那王妃袁氏得知王爷进门,忙带了人来支应,全被他给撵了。当下也不进屋换衣,一身劲装,穿过一个花厅,径直奔西厢房而去,进了院门,石阶上黄叶数片,门上落着锁,寂寥凄清的样子,萧综见此景不由的几分感伤,里面一个看守的婆子,见了萧综忙跪迎。萧综令婆子下去,缓了几步走上前去,忽然听得屋内传出一阵呼叫:“小光,小光!”听得他一阵心颤,倒好像叫的是自己一般。

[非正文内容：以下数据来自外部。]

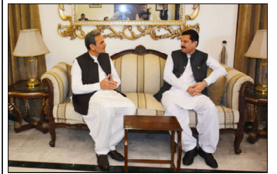
MARDAN: Governor Khyber Pakhtunkhwa Faisal Karim Kundi meets former Chief Minister Amir Haider Khan Hoti at his residence.

the federal level. They cautioned that if immediate attention is not given to maintaining peace in the region, the situation could deteriorate to an alarming extent, potentially spreading instability to other parts of the country. Governor Faisal Karim Kundi stressed the need for all political parties in Khyber Pakhtunkhwa to unite on a common platform to exert pressure on the federal government and secure the province's rights. He also highlighted the importance of a united voice for acquiring provincial financial resources and development funds. Ameer Haider Khan Hoti appreciated the call for unity and acknowledged that cooperation among political parties would not only help resolve public issues but also strengthen the province's political autonomy and stability.
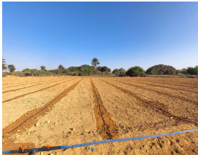
Support of drip irrigation system to Puntland farmers
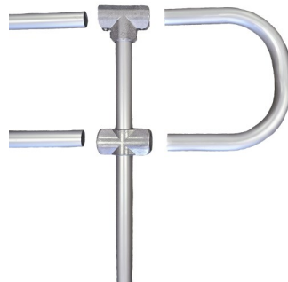
Loop End Assembly
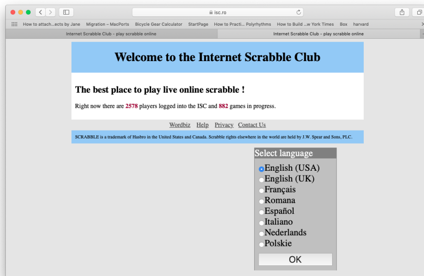
Figure 1: Window from a first visit to the ISC site.
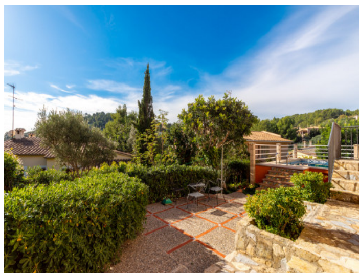
Lovely terrace and garden
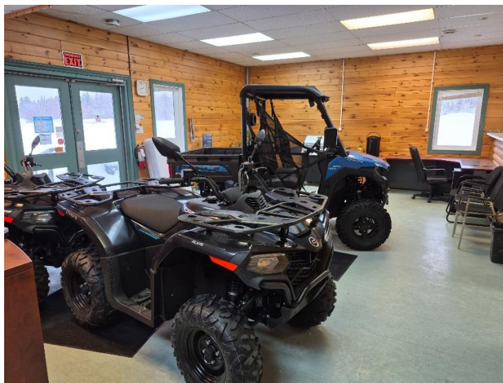
Figure 3: New Age Metal’s and MetalQuest Mining Kenora-based field operations office main entry with field side by sides
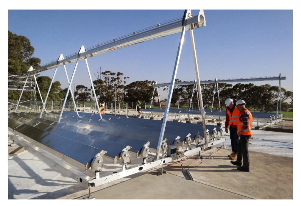
Figure 1: Sparc Hydrogen's Roseworthy pilot plant during June 2025

An opening ceremony is being held today, Tuesday 24<sup>th</sup> of June, at the University of Adelaide's Roseworthy Campus with key stakeholders in attendance including senior representatives from the Sparc Hydrogen joint venture partners, the South Australian Government and Shinshu University in Japan. The pilot plant represents a major step towards scaling and commercialising Sparc Hydrogen's patented PWS reactor technology delivering next generation green hydrogen production which is modular, scalable and, importantly, requires limited electricity. Sparc Hydrogen is a partnership between Sparc Technologies, Fortescue Ltd and the University of Adelaide which has been developing patented PWS reactor technology since 2022.
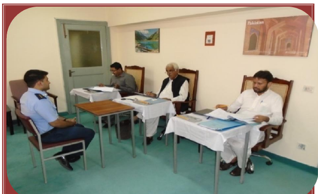
View of Psychological Assessment test of Armed Forces Officers for induction to Civil Posts.
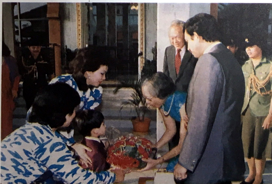
Mr and Mrs Lee Kuan Yew were received at the Nurul Izzah Palace. Second from left is Her Royal Highness Pengiran Isteri Hajjah Mariam.
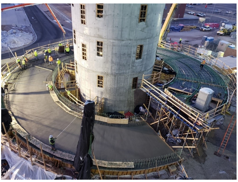
Helix under construction for The New SLC Parking Garage
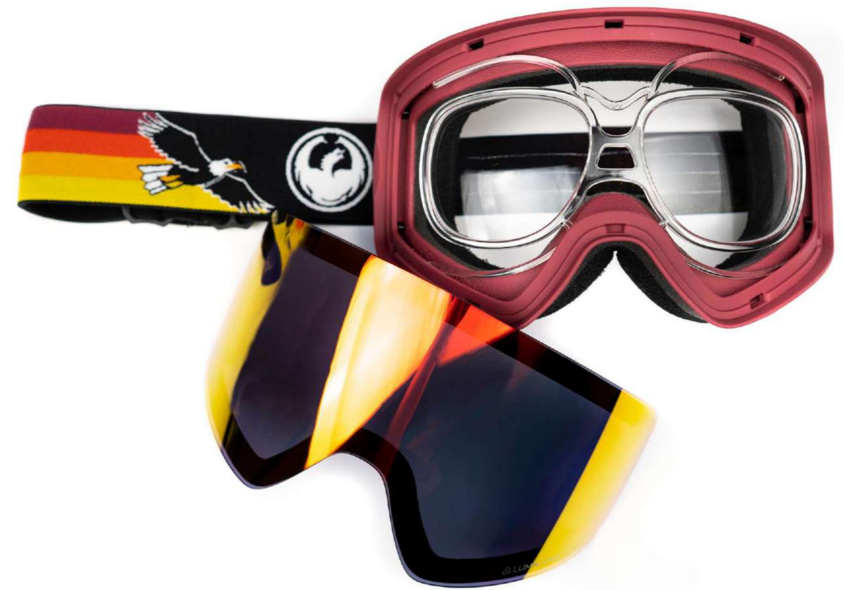
Dragon PXV with SportRx prescription goggle insert
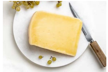
NABUCCO Semi matured cow milk cheese
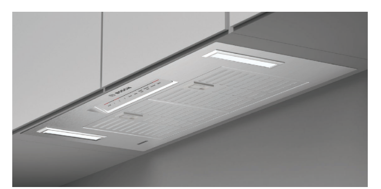
Installed in frameless cabinets

Accessories: To purchase Bosch accessories, cleaners & parts please visit www.bosch-home.com/us/store or call 1-800-944-2904 (Mon to Fri 5 am to 6 pm PST). Sat 6 am to 3 pm PST). Notes: All height, width and depth dimensions are shown in inches. BSH reserves the absolute and unrestricted right to change product materials and specifications, at any time, without notice. Consult the product's installation instructions for final dimensional data and other details prior to making cutout.
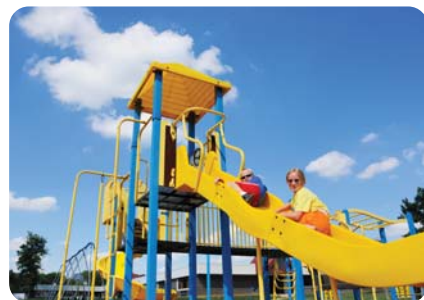
> Playing with Kids 和小孩玩乐
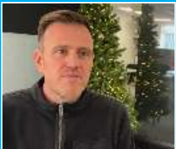
OPPORTUNITIES MISSED OVER YOUTH JOBS, TRAINER SAYS
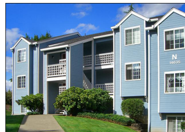
Seven West at the Trails

City: Beaverton, Ore. Buyer: LaSalle Investment Management Purchase Price: $96 MM Price per Unit: $226,950
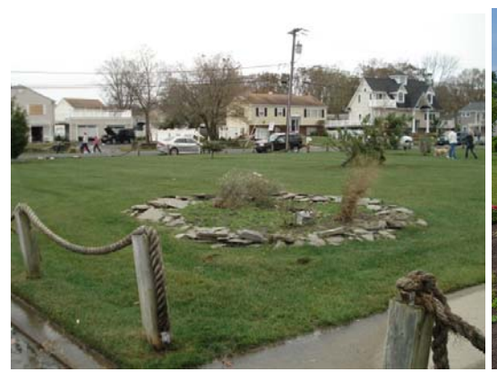
Figure 8 Figure 9

Two parks that received substantial damage from the Storm were Volunteer Park and Memorial Park, both in Shark River Hills. Neptune Township's Environmental Commission developed a program to replant much of Volunteer Park which was destroyed by Superstorm Sandy. The Commission installed plants and shrubs that are adapted to coastal environments, salt tolerant and require little watering once established. The Township also provided a new gazebo and benches. Figure 8 shows damage to Riverside Park and Figure 9 depicts the improvements completed by the Environmental Commission. As previously mentioned Memorial Park suffered the most costly amount of damage and needed replacement of fencing, trees and playground equipment. The park was repaired and rededicated in May of 2013.
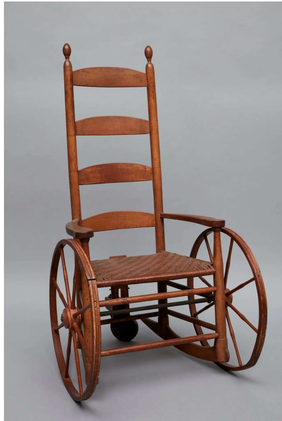
Wheelchair made from a modified rocking chair, ca. 1830, one of the collections' more intriguing artifacts. Shaker design accommodated disabled people.
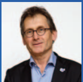
BEN FERINGA Professor University of Groningen
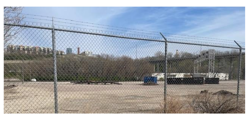
Site of the original Union Station
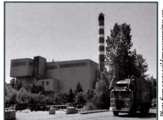
The Wilderness Committee continues to raise awareness about toxic chemicals released from incinerators.

In light of Metro Vancouver's consideration of a waste incinerator on Vancouver Island, the Wilderness Committee created a short, humorous, and creative video on the flaws of burning garbage and the faults in the logic of the supporters of waste incineration. Entitled "Speak Now or Forever Hold Your Breath," the video has garnered almost 2,500 views. It directs viewers to the campaign website of Zero Waste BC and ends with a list of alternatives to burning waste. Said Ben West, Healthy Communities Campaigner for the Wilderness Committee, "Proponents of waste incineration are big corporations that will say almost anything to get these multi-million dollar contracts so we need to get creative to stand up for public health and the environment." See the video at ZeroWasteBC.org . A decision on the Covanta-owned waste incinerator is expected this summer. ◆
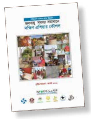
▲ The joint EVD publication "Eco-Village Development as Climate Solution - Proposals from South Asia" in Bangla.
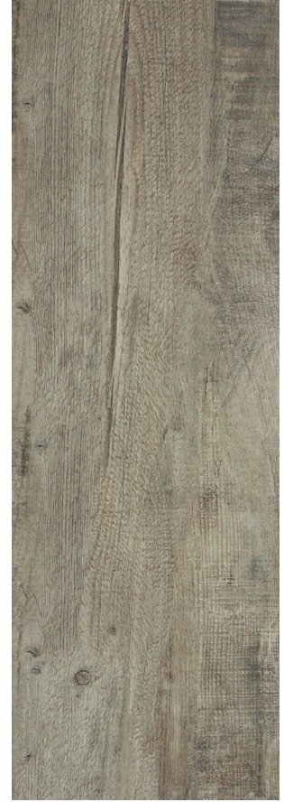
WALNUT 20.5 x 61.5 cm (8.07" x 24.22") Matte Finish UN.SM.WAL.0824.MT

All items shown in this document are part of Olympia's stocking program. For special orders, please contact your Olympia Tile Sales Representative.
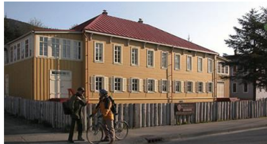
South elevation after restoration.
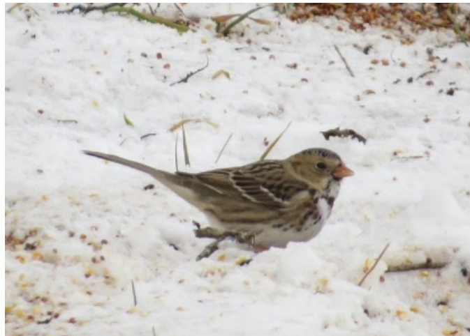
Image 11. Harris's Sparrow , Lykens, Dauphin 13 February 2019.

One at Lykens, Dauphin 13 February 2019 (Ian Gardner (p); 839-01-2019; Class I-P). 7/0. A bird in basic plumage was feeding with a flock of various sparrows
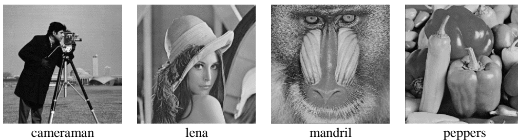
Figure 4. Cover Image Used

In this study used standard cover images such as cameraman, Lena, mandril, and peppers as shown in Figure 4. While the message image used is shown in Figure 5.
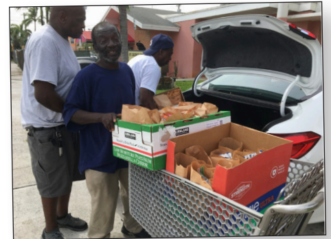
Men unloading lunch bags at St. George's Center.
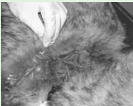
FWound on female wolf Eva under surgical treatment in the veterinary ambulance in Imotski on 26 February 2005.
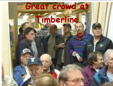
Great crowd at Timberline
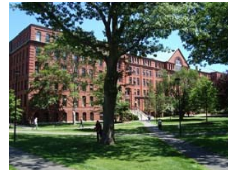
Harvard Museum of Science & Culture (HMSC)
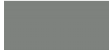
Dulux Heritage Waxed Khaki
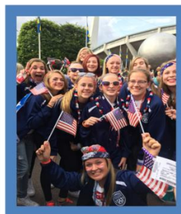
Norco Soccer Club
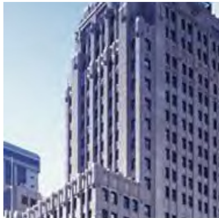
WASHINGTON ATHLETIC CLUB Seattle, WA

5-star Platinum Club with Private Membership facilities; including, dining venues, 110-room hotel, spa, catering, and athletic facilities.
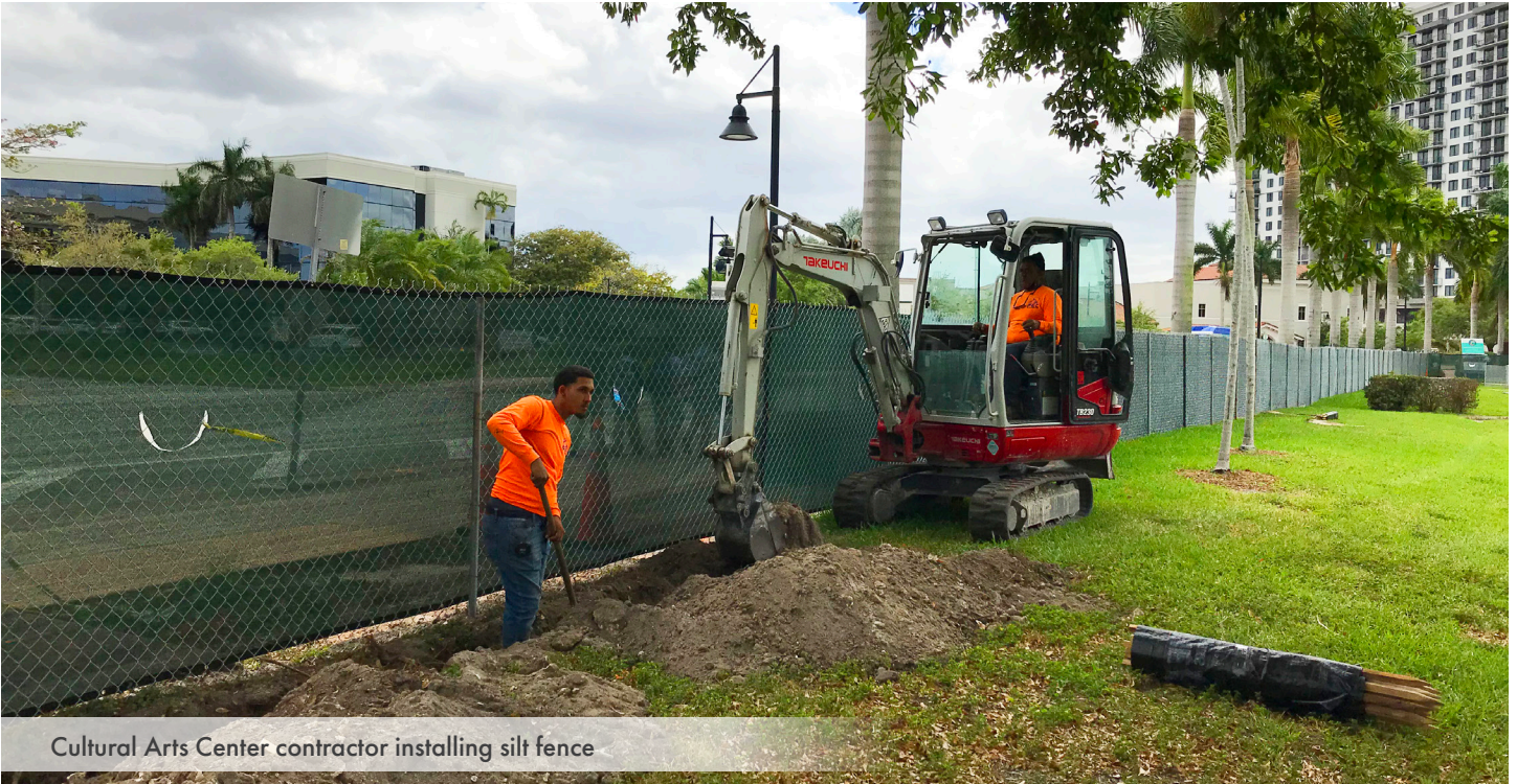
Cultural Arts Center contractor installing silt fence

萧忠匆匆自后面跟来:“按照王爷的吩咐,褚大人回来便落了锁,不曾有人进来。”

“开门!”

褚嬴听的门锁响动,也醒了。他赢棋回来,无人陪伴,而王妃觉察了萧综不悦,也不敢再来。褚嬴半晌无聊,想起那日梦到时光赠扇的光景,便不管日头,闷头去睡,他心里只挂着时光,梦里果真也梦到时光,只是小光却好似没看到他一般,任他怎么喊也不答应,这一次梦做得当真悲怆,醒来时眼角还挂着泪。眼见萧综进了门来,他匆匆抹泪遮掩。却听得萧综嘲讽道:“白日里也害相思,做春梦,当真是得闲!”

褚嬴心里烦,也懒得和他拌嘴,问他来有什么事。

萧综款款的道:“听说你今日赢得体面的很,特来恭喜恭喜你!”他看褚嬴星眼幽沉,似在梦里不曾回转,心下有几分软,问道,“你刚才喊的小光,是个美人吗?”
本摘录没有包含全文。